Material provided:
Start of Block
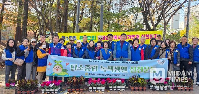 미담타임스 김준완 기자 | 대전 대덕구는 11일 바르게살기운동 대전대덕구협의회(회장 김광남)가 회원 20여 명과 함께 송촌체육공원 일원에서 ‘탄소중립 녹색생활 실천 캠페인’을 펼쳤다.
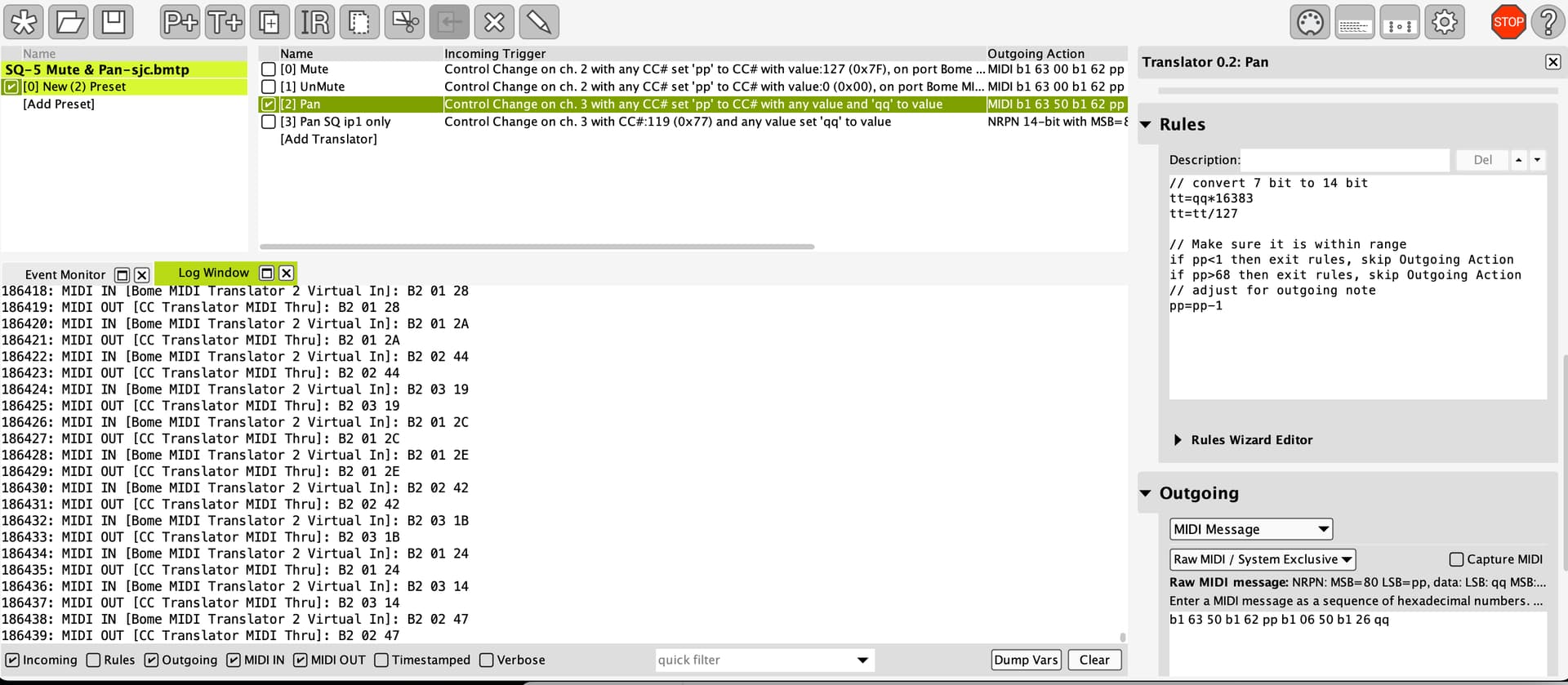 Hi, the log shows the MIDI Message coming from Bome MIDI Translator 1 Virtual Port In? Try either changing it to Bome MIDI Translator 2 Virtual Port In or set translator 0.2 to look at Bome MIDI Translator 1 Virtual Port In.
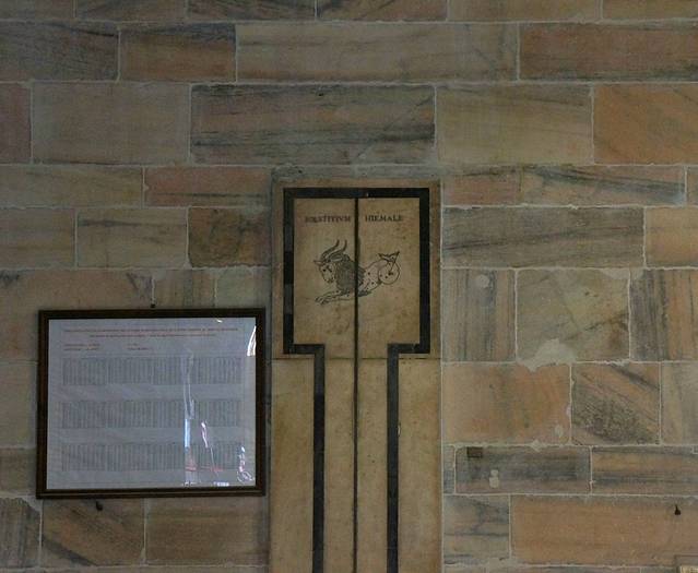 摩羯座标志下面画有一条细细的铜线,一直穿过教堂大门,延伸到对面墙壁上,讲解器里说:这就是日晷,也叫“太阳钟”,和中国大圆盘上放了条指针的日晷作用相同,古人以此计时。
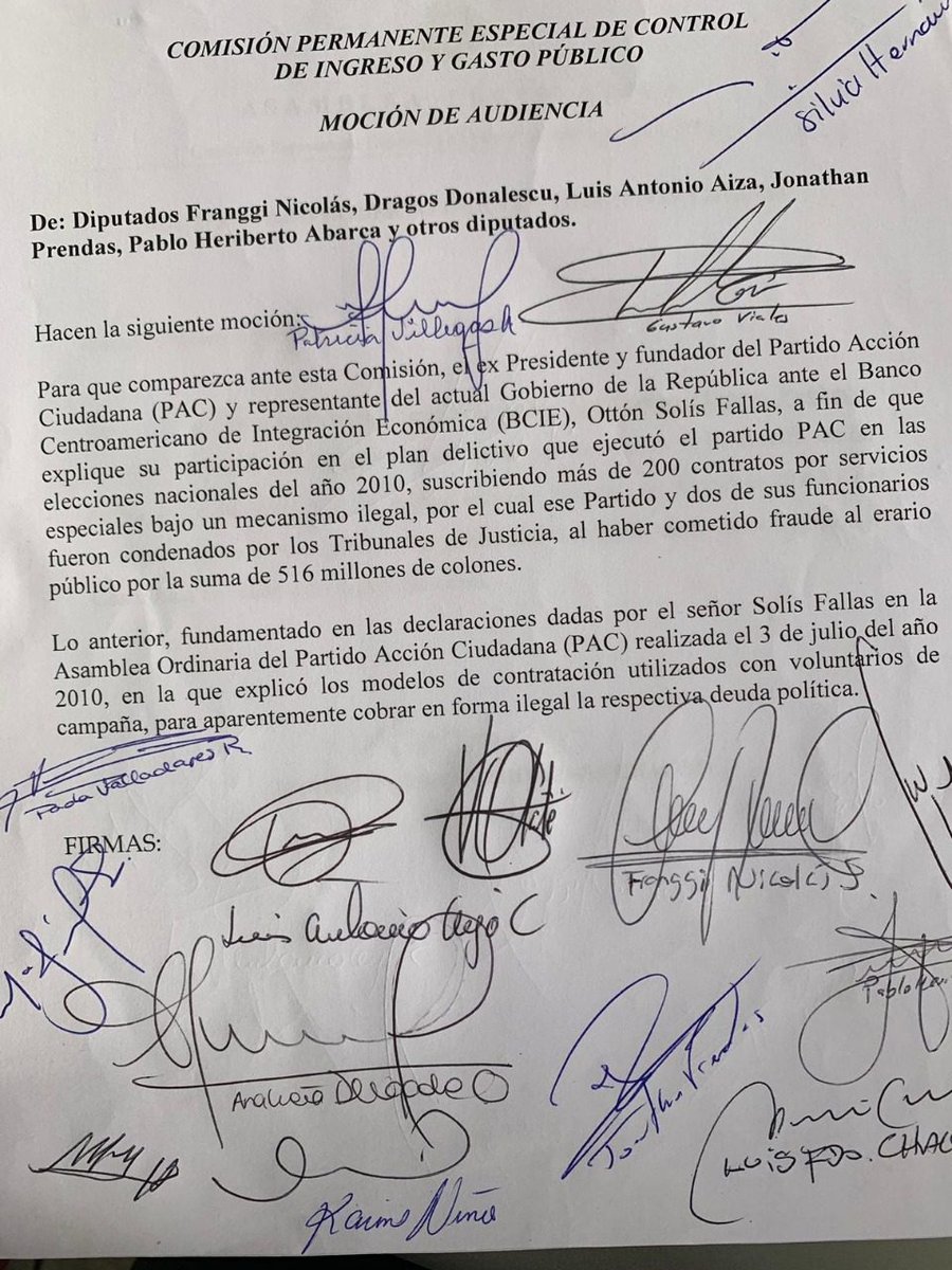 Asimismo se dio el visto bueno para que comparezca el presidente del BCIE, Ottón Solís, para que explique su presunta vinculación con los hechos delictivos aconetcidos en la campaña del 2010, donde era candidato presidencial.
End of Block
Start of Block
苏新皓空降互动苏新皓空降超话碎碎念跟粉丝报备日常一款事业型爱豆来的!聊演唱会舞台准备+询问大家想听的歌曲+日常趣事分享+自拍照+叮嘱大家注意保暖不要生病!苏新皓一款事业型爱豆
End of Block
Task details:
In the entries above, every line from the line with "미담타임스 김준완 기자" to the line with "Asimismo se dio" is to be printed exactly, with both ends included and pictures excluded.

Exercise answer:
 미담타임스 김준완 기자 | 대전 대덕구는 11일 바르게살기운동 대전대덕구협의회(회장 김광남)가 회원 20여 명과 함께 송촌체육공원 일원에서 ‘탄소중립 녹색생활 실천 캠페인’을 펼쳤다.
 Hi, the log shows the MIDI Message coming from Bome MIDI Translator 1 Virtual Port In? Try either changing it to Bome MIDI Translator 2 Virtual Port In or set translator 0.2 to look at Bome MIDI Translator 1 Virtual Port In.
 摩羯座标志下面画有一条细细的铜线,一直穿过教堂大门,延伸到对面墙壁上,讲解器里说:这就是日晷,也叫“太阳钟”,和中国大圆盘上放了条指针的日晷作用相同,古人以此计时。
 Asimismo se dio el visto bueno para que comparezca el presidente del BCIE, Ottón Solís, para que explique su presunta vinculación con los hechos delictivos aconetcidos en la campaña del 2010, donde era candidato presidencial.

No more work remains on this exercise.